Alles über Huckleberry Finn

Nochmals ist ein Klassiker der angelsächsischen Kinder/Jugendbuch-Literatur in liebevoller, aufwändig gestalteter Ausgabe im Europa Verlag erschienen. Nach den vergleichbar üppig ausgestatteten Bänden „Alles über Alice“ (2002) und „Alles über den Zauberer von Oz“ (2003) ist im Spätherbst 2003 „Alles über Huckleberry Finn“ veröffentlicht worden. Die landläufigen Jugendbuchausgaben des Romans sind vereinfacht und gekürzt. Dem vorliegenden Band liegt eine bereits zuvor erhältliche Neuübersetzung von Friedhelm Rathjen zugrunde, die sich weitgehend an den Originaltext der Vorlage hält. Rathjen gelingt es, die Figuren deutlich in ihrer Sprache zu markieren. Seine eigene „Dialektlösung“ ist dabei zwar anfangs etwas gewöhnungsbedürftig, aber anschließend doch überzeugend.
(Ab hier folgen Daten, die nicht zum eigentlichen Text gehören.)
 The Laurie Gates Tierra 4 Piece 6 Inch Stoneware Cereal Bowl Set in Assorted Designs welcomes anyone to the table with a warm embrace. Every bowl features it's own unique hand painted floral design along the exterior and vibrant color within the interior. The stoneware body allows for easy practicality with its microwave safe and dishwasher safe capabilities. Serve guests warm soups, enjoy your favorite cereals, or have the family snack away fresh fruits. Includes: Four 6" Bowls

„Die Abenteuer des Huckleberry Finn“, erschienen 1884, ist nicht allein der berühmteste Roman Mark Twains, es handelt sich zugleich um dasjenige seiner Bücher, das — nicht nur im positiven Sinne — am meisten Aufsehen erregt hat. Für die einen war es ein Meilenstein der Weltliteratur, für die anderen war es eine Brutstätte des Rassismus. Nicht allein der Gebrauch des Wortes „Nigger“ erregte manche puristischen Gemüter. Es gab sogar Versuche, die Lektüre des Buches in Schulen als Verstoß gegen das Bürgerrechtsgesetz von 1964 juristisch verbieten zu lassen.
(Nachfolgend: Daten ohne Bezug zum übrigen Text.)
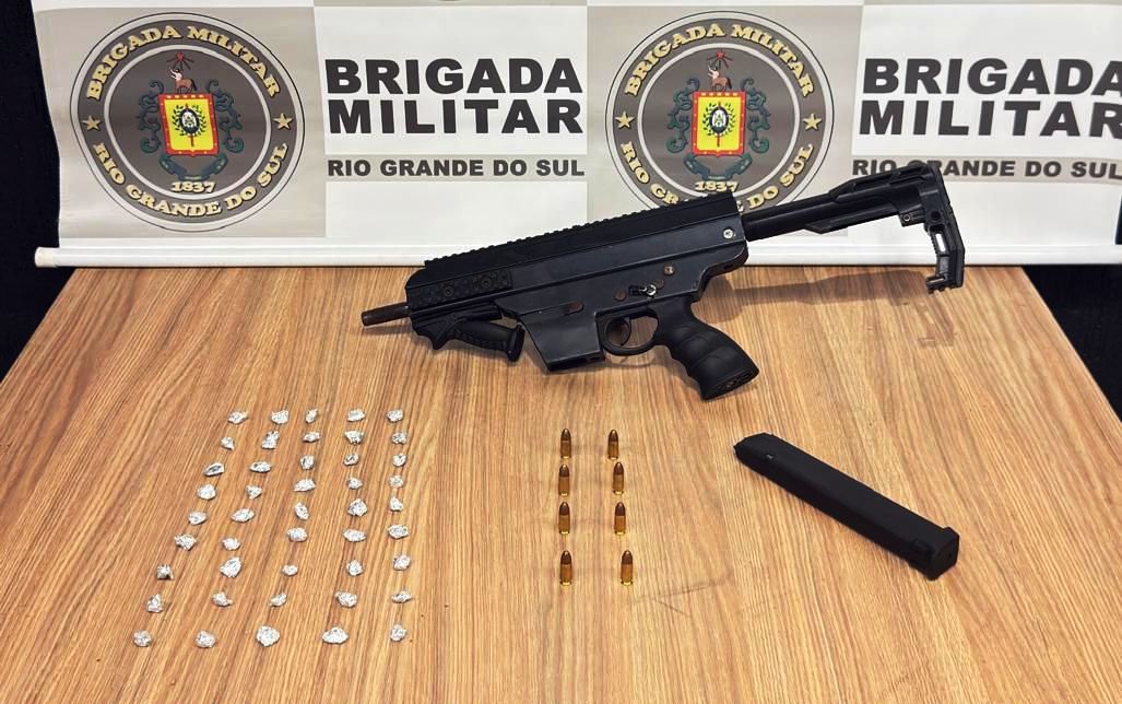 Uma mulher de 21 anos foi presa com uma submetralhadora calibre nove milímetros e drogas na madrugada desta sexta-feira, 16, em Bento Gonçalves. Conforme a Brigada Militar (BM), ela estava em posse de 45 pedras de crack e a arma de fabricação artesanal com oito munições. A abordagem aconteceu no bairro Maria Goreti e após ela foi encaminhada à delegacia.

Bei dem 1835 in Florida, Missouri geborenen Mark Twain (gestorben 1910) handelt es sich in Wirklichkeit um Samuel Langhorne Clemens. Twain wird in einem einführenden Kapitel eingehend vorgestellt. Darin findet sich ebenso Ausführliches zur Entstehungsgeschichte des Romans. Wobei zu den bekannteren Fakten zählt, dass „Die Abenteuer des Huckleberry Finn“ die Fortsetzung von „Tom Sawyer“ ist. Eher wenig geläufig dürfte hingegen sein, dass der Huckleberry-Finn-Roman gewissermaßen als „Abfallprodukt“ aus einem Schlusskapitel des „Tom Sawyer“ entstand, das der Autor auf Anraten seines literarischen Vertrauten, des Romanciers William Dean Howells, gestrichen hatte. Entsprechendes gilt für sein ursprüngliches Vorhaben, Huckleberry Finns gesamtes Leben literarisch zu gestalten – ein Gedanke, den Twain aber rasch wieder verwarf.
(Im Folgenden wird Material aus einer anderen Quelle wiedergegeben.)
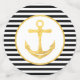 Custom table confetti with black stripes and gold anchor nautical theme.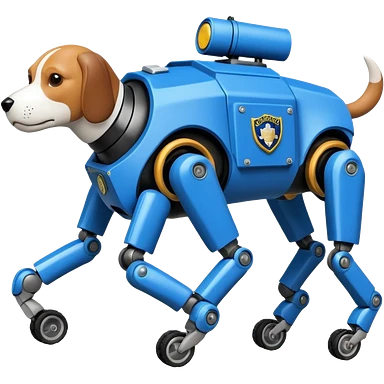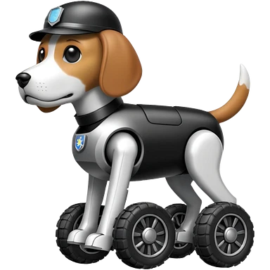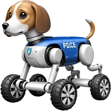 Stylish Military police robotic beagle dog with off-road wheels emoji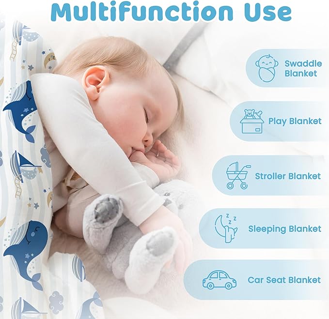 - Comfortable material: the baby blanket is light, ensuring your little one stay comfortable all year round; one side features a smooth surface while the other is 3D dotted

Der Literaturwissenschaftler und Journalist Michael Patrick Hearn, der schon mit „Alles über den Zauberer von Oz“ überzeugte, hat auch Mark Twains berühmten Jugendbuch-Klassiker fachkundig begleitet. In seinen parallel zum Text angeordneten Randbemerkungen findet sich unzähliges Wissens- und auch Lesenswertes amüsant wieder. Der renommierte Twain-Kenner und Spezialist für Jugendliteratur hat dazu alle greifbaren Quellen zurate gezogen: Briefe, Manuskripte, zeitgenössische Presseberichte. Ebenso hat er sich mit Twains zahlreichen Textretuschen auseinander gesetzt und dabei neben kritischen Stimmen zum Roman überhaupt eine Fülle bislang unzugänglichen Materials ausgewertet.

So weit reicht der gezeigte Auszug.